«Руки у него были хорошие, — вспомнил Кротов, — жилистые руки, работящие, значит, топор умел держать, венцы б подвел и крышу мог перестелить... А здесь все дома завалились... Хотя война, мужиков на фронт угнали, за четыре года и дворец покосится без глаза, за хозяйством надо каждодневно смотреть, иначе порушится все, отец прав был, когда каждый день наш дом обхаживал. Умный у меня батька, пристраивал помаленечку, чтоб зазря никого в зло не вводить, а главное зло — зависть людская. Черви завсегда крокодилам завидуют, не зря батя говорил, что крокодил — умное животное и попусту никого не обижает: «Голод не тетка, того хватает, кто сам попадается под зуб, — а ты не попадайся. Попал, зараза — сам виноват».

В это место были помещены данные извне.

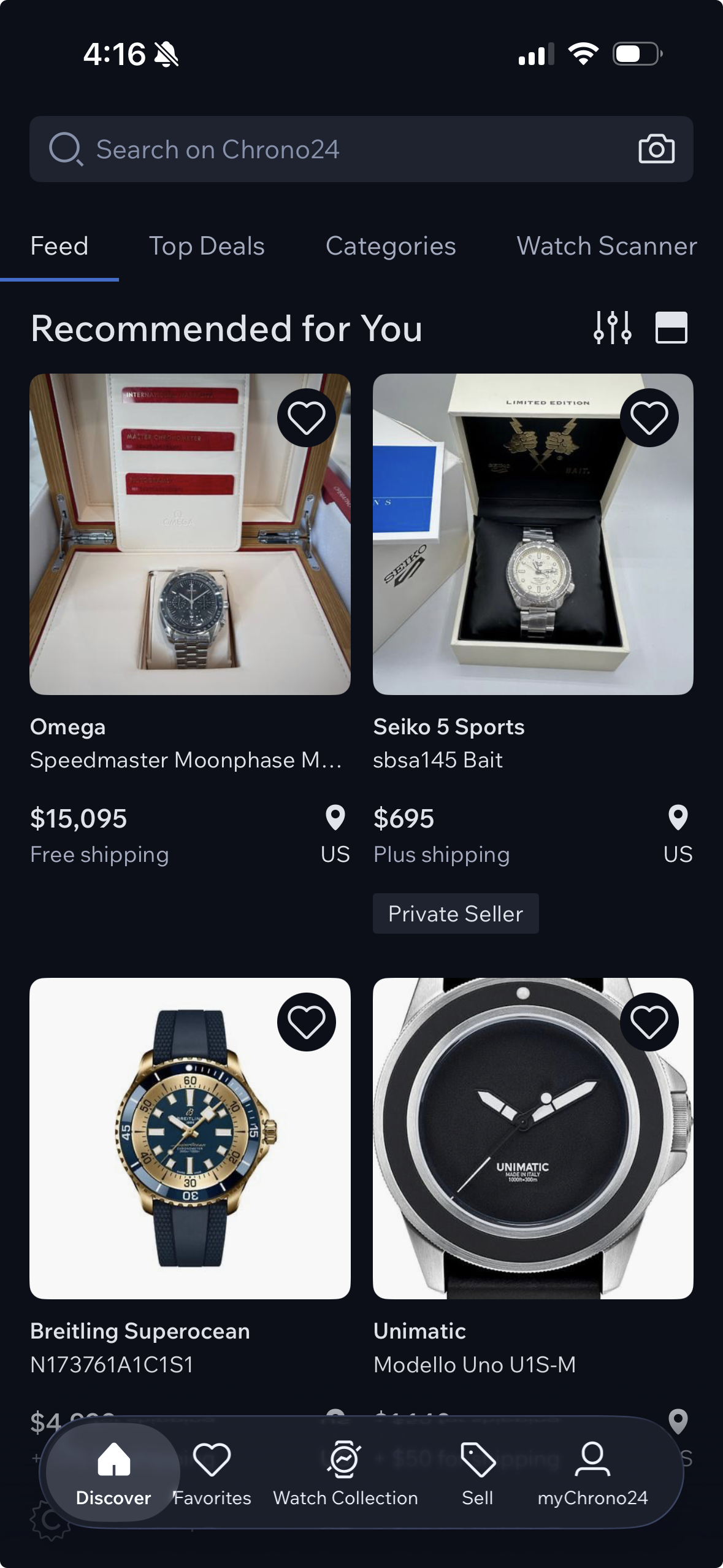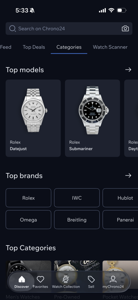Chrono24’s app opens to a “Feed” home page that shows the users various products that are recommended to them. The app effectively utilizes signifiers and affordances, making possible actions clear. The text inside the search bar lets the user know they can look for their specific needs, and the highlighted tab “Feed” lets the user know where they are within the app. Product cards display images, brand names, and prices in a hierarchy familiar to users of e-commerce platforms, making it immediately apparent that items are interactive. Users also received immediate feedback when they click the heart in the corner of each card, which fills in and signifies that the item has been added to a favourites list. The bottom navigation bar also has highlighted icons, signifying which page the user is on currently, with easily recognisable icons (like a heart for “Favourites”).

Кротов поднялся, решительно пошел к крайнему дому — на наличниках еще угадывалась краска, и крыша, как новая, выделяется среди других, убогих, плешивых. Молодец, Милинко, хорошо матери подмогал, не текло у старухи над головой эти годы...

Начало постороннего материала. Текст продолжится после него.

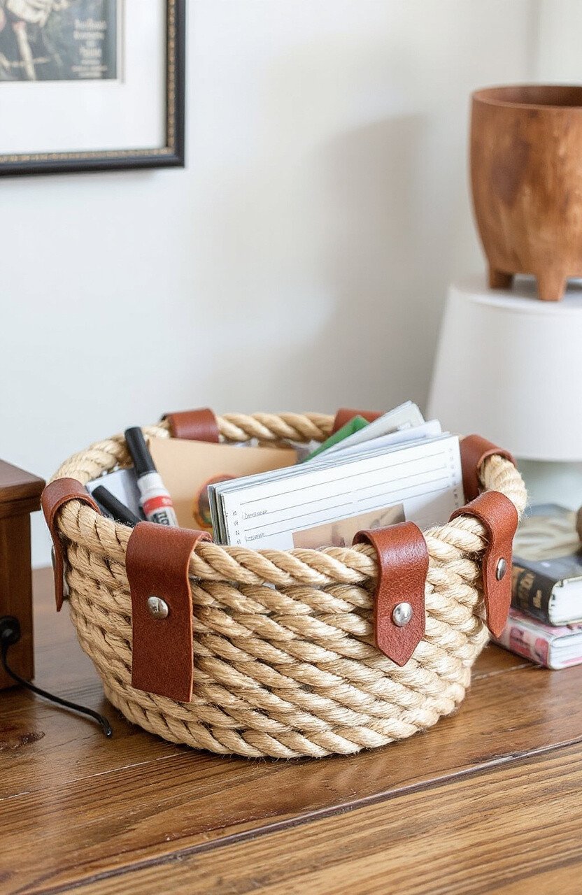 Leather adds a touch of sophistication to rope bowls. Use leather strips or patches for added flair. Perfect for a modern or industrial look.

Его вдруг передернуло, руки похолодели — убирать так ему еще не приходилось, а что делать-то, придется. Как в письме морячок писал: «Вы у меня, дорогая мама, одна на белом свете, поэтому, пожалуйста, дождитесь моего возвращения, и все тогда хорошо у вас будет, и здоровье поправится». Значит, единственный свидетель. А вот письма ушли! Дурак, уроки шарфюрера Луига забыл, обрадовался, себя сдержать не смог. И ушли те письма, ушли, окаянные, с фото ушли, и адресов не помню, лучше не думать об этом, руки опустятся. Как это Луиг говорил? Балтийский немец русским себя считал, дворянином. «Три процента шальной удачи я вам гарантирую. Только исповедуйте дворянство, даже если вы из разночинцев. Дворянство — это особость, это как СС у Гиммлера, помазанники, им — удача».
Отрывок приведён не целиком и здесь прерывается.